**Goal of the exercise**
Please retype the entries below exactly, only from their first line through the line containing "3、輸入手機號后,點擊獲取驗證碼即可注冊成功。", leaving every picture out.

(Given data begins)

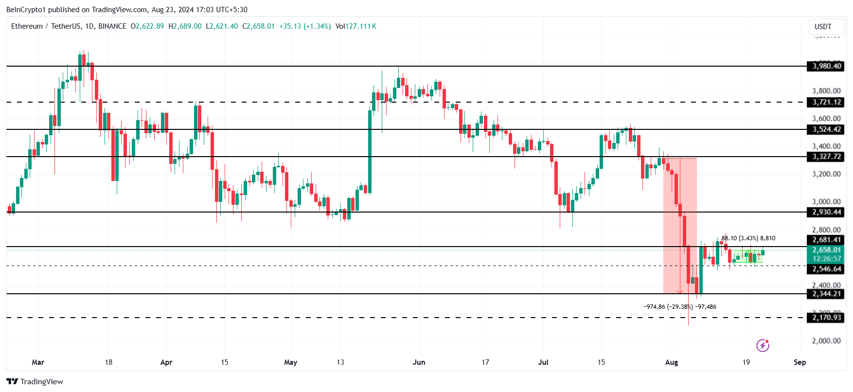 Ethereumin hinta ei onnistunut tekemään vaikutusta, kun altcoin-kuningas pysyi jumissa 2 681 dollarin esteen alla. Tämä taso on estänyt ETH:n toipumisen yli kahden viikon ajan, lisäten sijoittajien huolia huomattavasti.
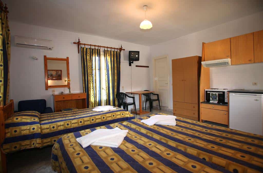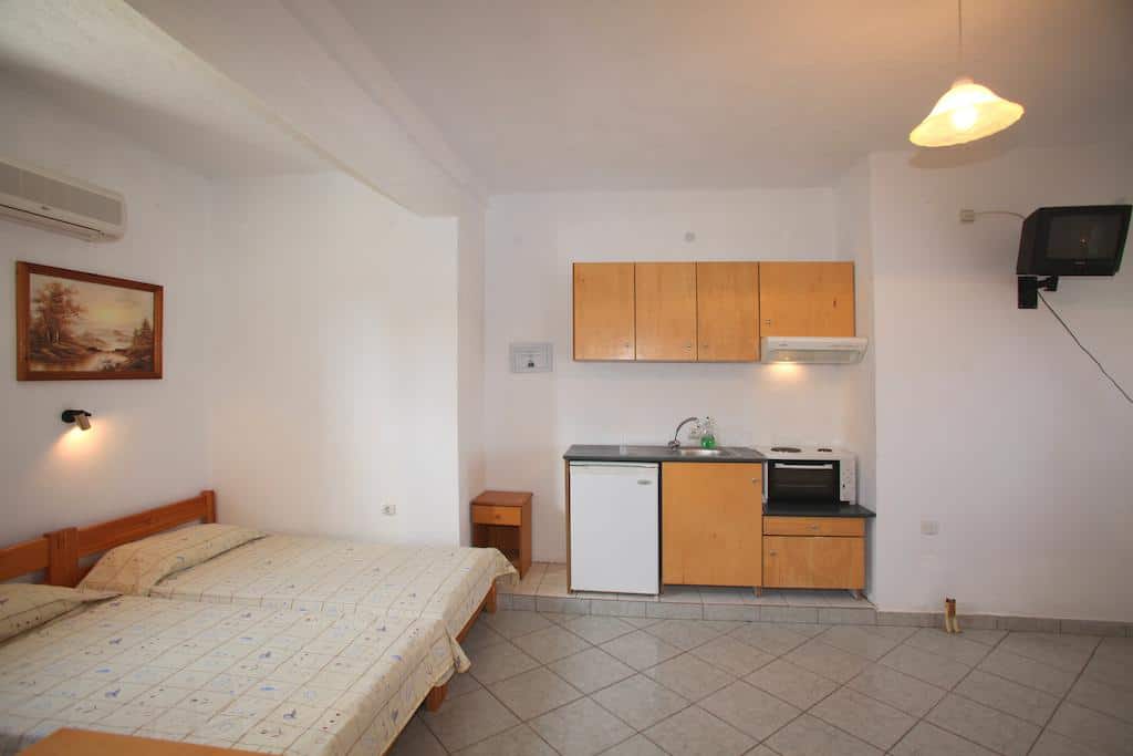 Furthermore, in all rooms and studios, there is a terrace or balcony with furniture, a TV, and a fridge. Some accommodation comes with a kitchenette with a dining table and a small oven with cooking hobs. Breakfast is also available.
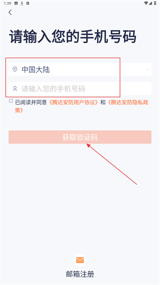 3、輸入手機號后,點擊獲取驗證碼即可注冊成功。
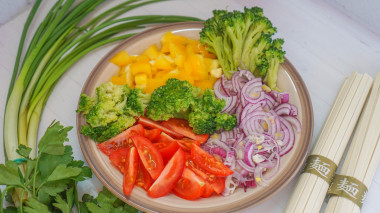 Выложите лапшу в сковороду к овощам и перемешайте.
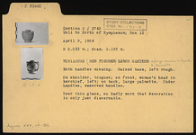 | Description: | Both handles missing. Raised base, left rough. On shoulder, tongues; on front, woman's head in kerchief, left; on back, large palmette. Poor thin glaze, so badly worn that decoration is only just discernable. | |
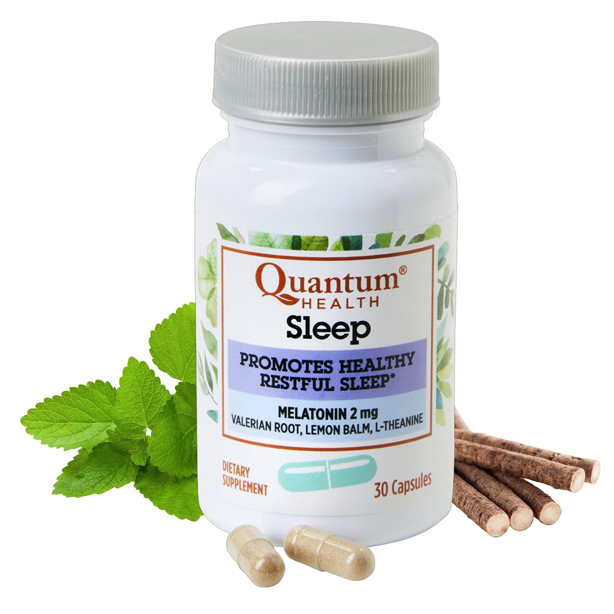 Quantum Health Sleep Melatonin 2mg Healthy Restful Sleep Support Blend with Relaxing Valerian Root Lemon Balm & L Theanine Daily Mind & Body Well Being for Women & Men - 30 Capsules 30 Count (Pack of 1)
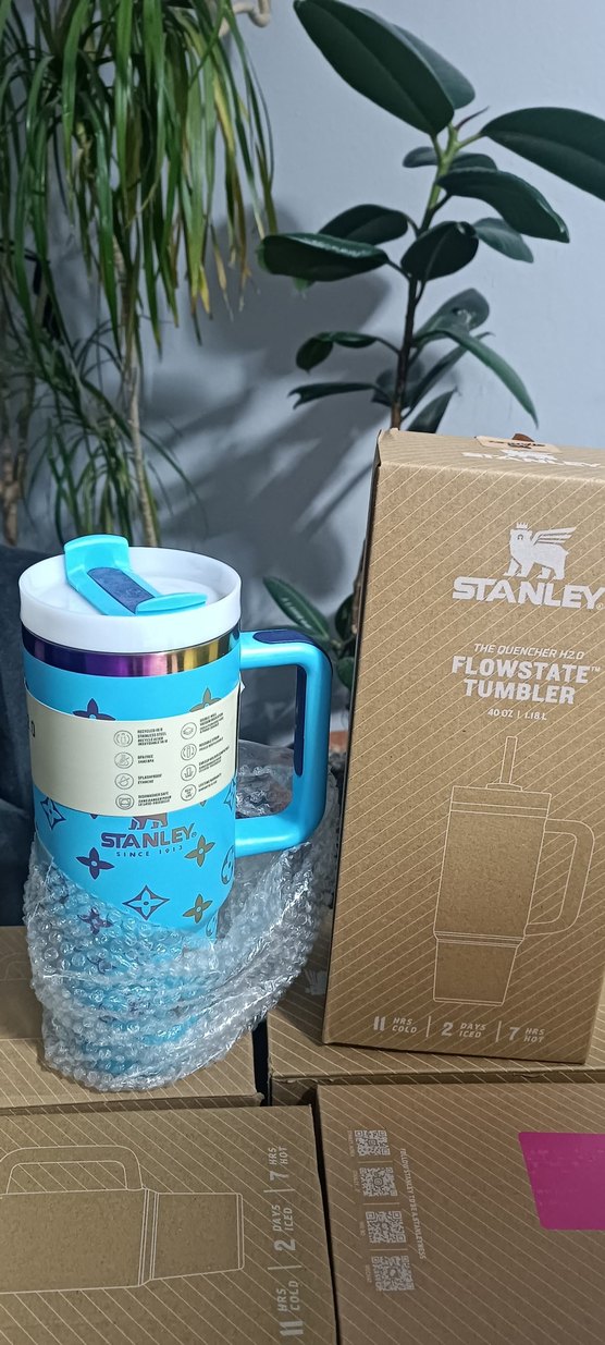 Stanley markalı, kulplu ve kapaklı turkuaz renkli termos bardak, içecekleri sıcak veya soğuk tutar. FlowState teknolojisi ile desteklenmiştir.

(Given data ends)

**Solution to this task**
 Ethereumin hinta ei onnistunut tekemään vaikutusta, kun altcoin-kuningas pysyi jumissa 2 681 dollarin esteen alla. Tämä taso on estänyt ETH:n toipumisen yli kahden viikon ajan, lisäten sijoittajien huolia huomattavasti.
 Furthermore, in all rooms and studios, there is a terrace or balcony with furniture, a TV, and a fridge. Some accommodation comes with a kitchenette with a dining table and a small oven with cooking hobs. Breakfast is also available.
 3、輸入手機號后,點擊獲取驗證碼即可注冊成功。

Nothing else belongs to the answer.